* _WORK ITEM_
Skip the pictures and repeat each line of the data exactly.

* _DATA EXCERPT_
◆ ◆ ◆ ◆ ◆ ◆ ◆

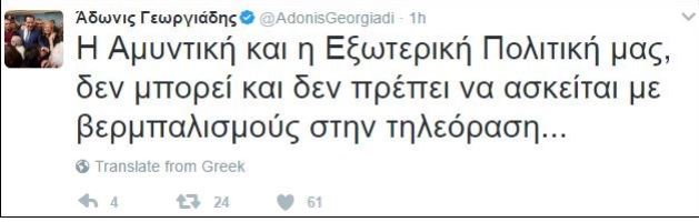 Με μήνυμα του στο twitter, ο Άδωνις Γεωργιάδης σχολίασε τις δηλώσεις του υπουργού Άμυνας, Πάνου Καμμένου με τις οποίες απάντησε στον Τούρκο ΥΠΕΞ, Mevlut Cavusoglu.
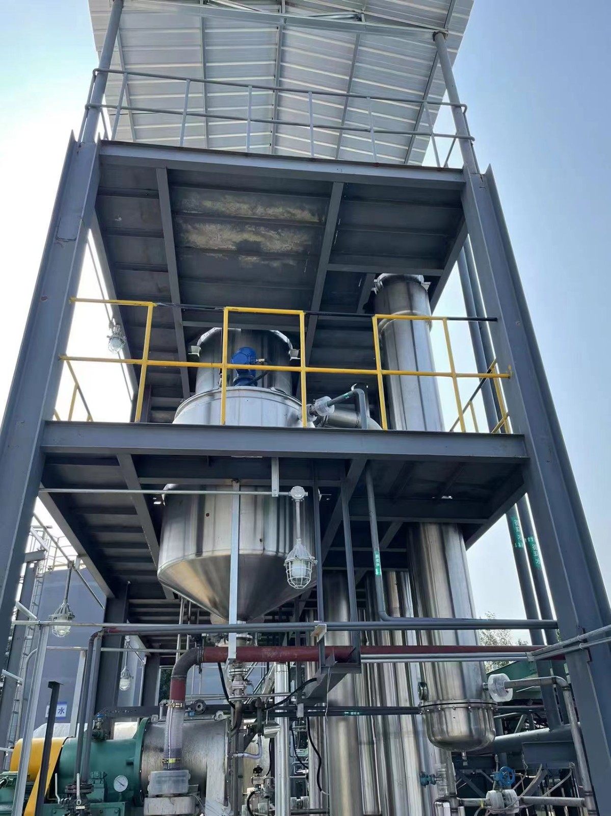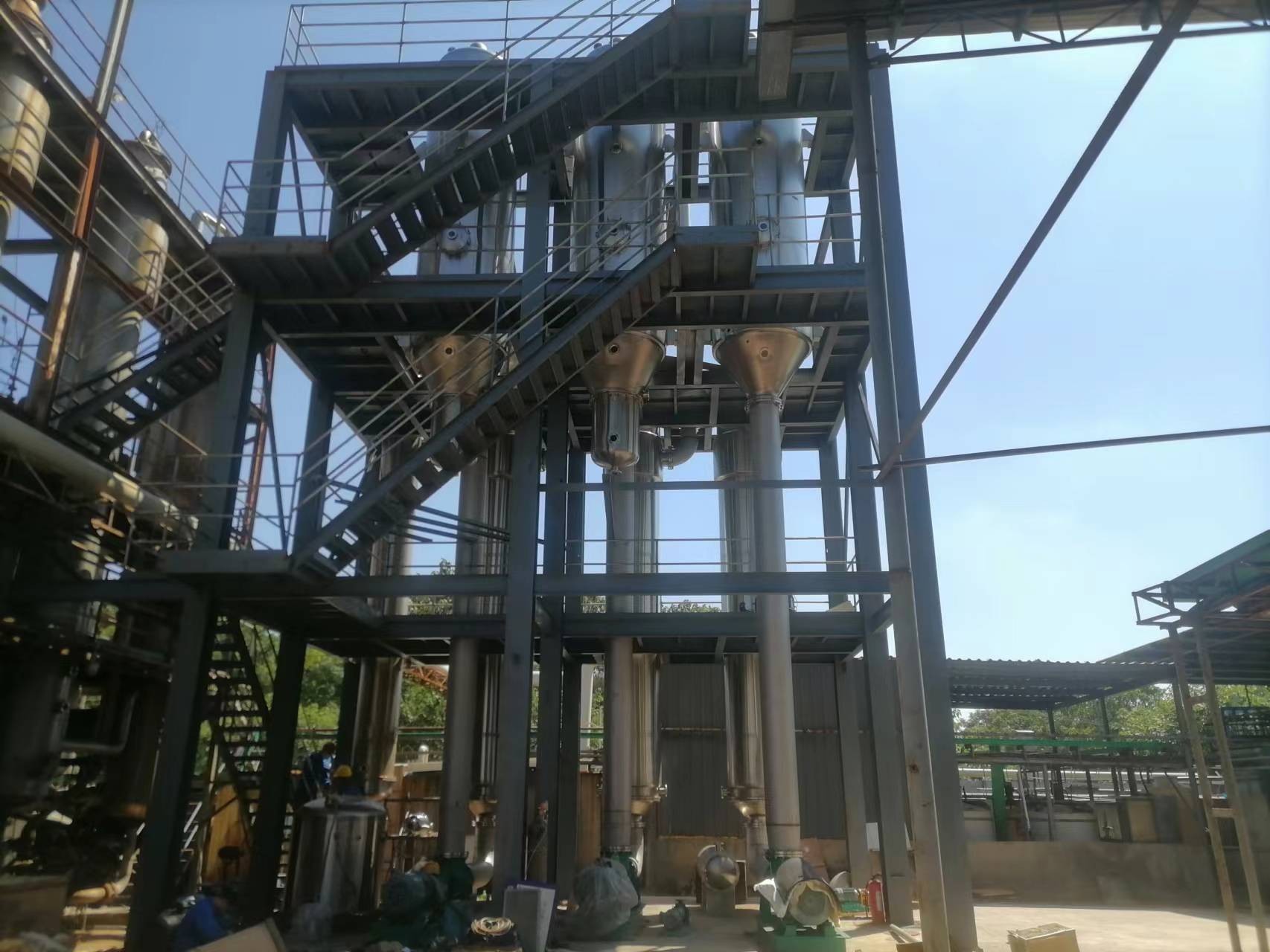 各效加熱器、各效分離器(結(jié)晶器)、冷凝器(混合式或表面式)、熱壓泵、各效強(qiáng)制循環(huán)泵、各效料液輸送泵、真空泵、冷凝水泵、操作平臺(tái)、電器控制柜、液位自控系統(tǒng)及閥門管路等。
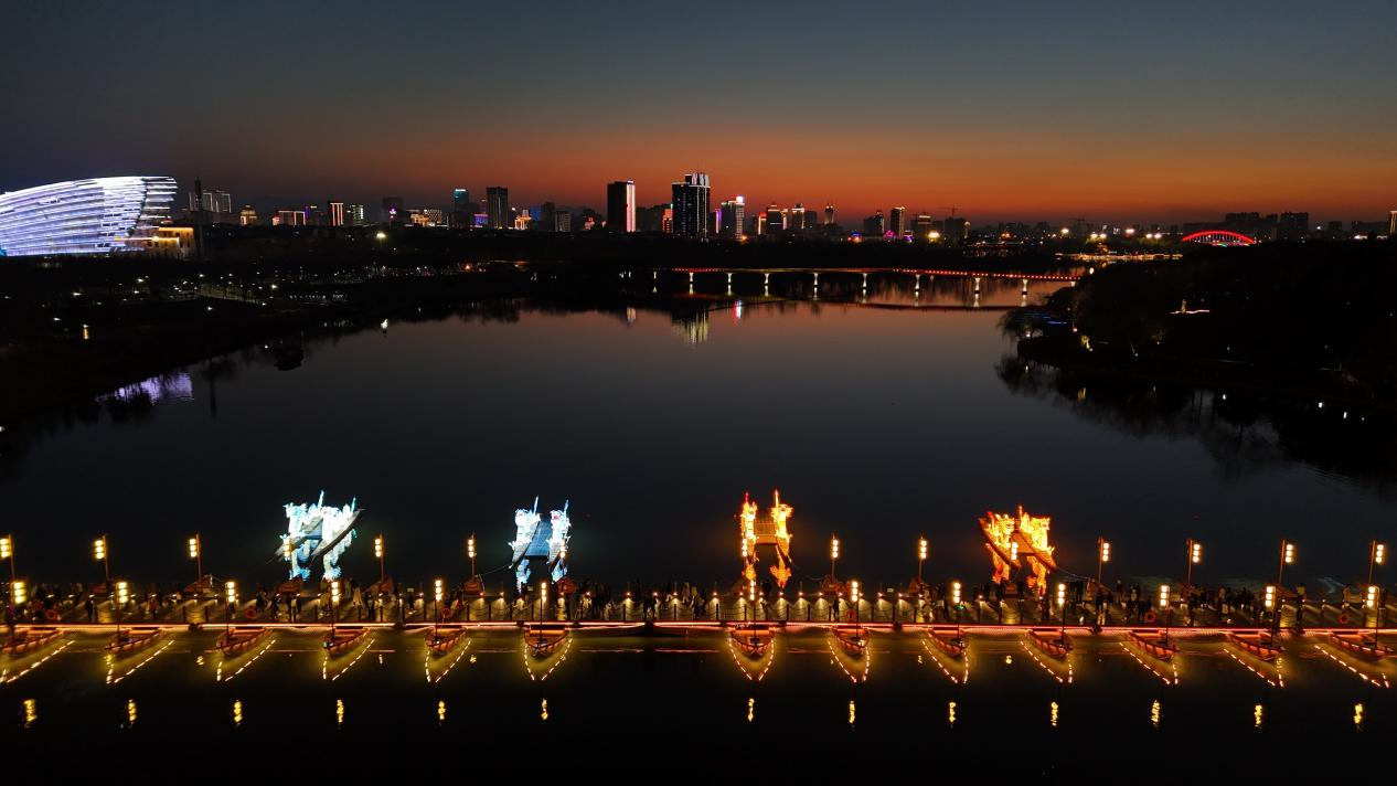 场景营造巧思独具,让古城处处是风景、步步有文化。以“万福归婺・有 FU 之州”为主题的氛围布置,兼顾含蓄内敛与热烈喜庆,保宁门的龙灯、城墙上的门神、街巷间的红灯笼,与万佛塔的璀璨夜景交相辉映,勾勒出流光溢彩的古城画卷;金华浮桥一侧的8条龙舟龙灯,呼应“八婺大地”的地域文脉,10米长龙昂首挺立、灯影流转,既彰显了传统民俗的磅礴气势,更承载着“八婺聚心 古城纳新”的美好寓意,让每一处节点都成为文化传播的载体,让新春氛围与古城肌理深度契合。

◆ ◆ ◆ ◆ ◆ ◆ ◆

* _OUTPUT FOR THIS EXERCISE_
 Με μήνυμα του στο twitter, ο Άδωνις Γεωργιάδης σχολίασε τις δηλώσεις του υπουργού Άμυνας, Πάνου Καμμένου με τις οποίες απάντησε στον Τούρκο ΥΠΕΞ, Mevlut Cavusoglu.
 各效加熱器、各效分離器(結(jié)晶器)、冷凝器(混合式或表面式)、熱壓泵、各效強(qiáng)制循環(huán)泵、各效料液輸送泵、真空泵、冷凝水泵、操作平臺(tái)、電器控制柜、液位自控系統(tǒng)及閥門管路等。
 场景营造巧思独具,让古城处处是风景、步步有文化。以“万福归婺・有 FU 之州”为主题的氛围布置,兼顾含蓄内敛与热烈喜庆,保宁门的龙灯、城墙上的门神、街巷间的红灯笼,与万佛塔的璀璨夜景交相辉映,勾勒出流光溢彩的古城画卷;金华浮桥一侧的8条龙舟龙灯,呼应“八婺大地”的地域文脉,10米长龙昂首挺立、灯影流转,既彰显了传统民俗的磅礴气势,更承载着“八婺聚心 古城纳新”的美好寓意,让每一处节点都成为文化传播的载体,让新春氛围与古城肌理深度契合。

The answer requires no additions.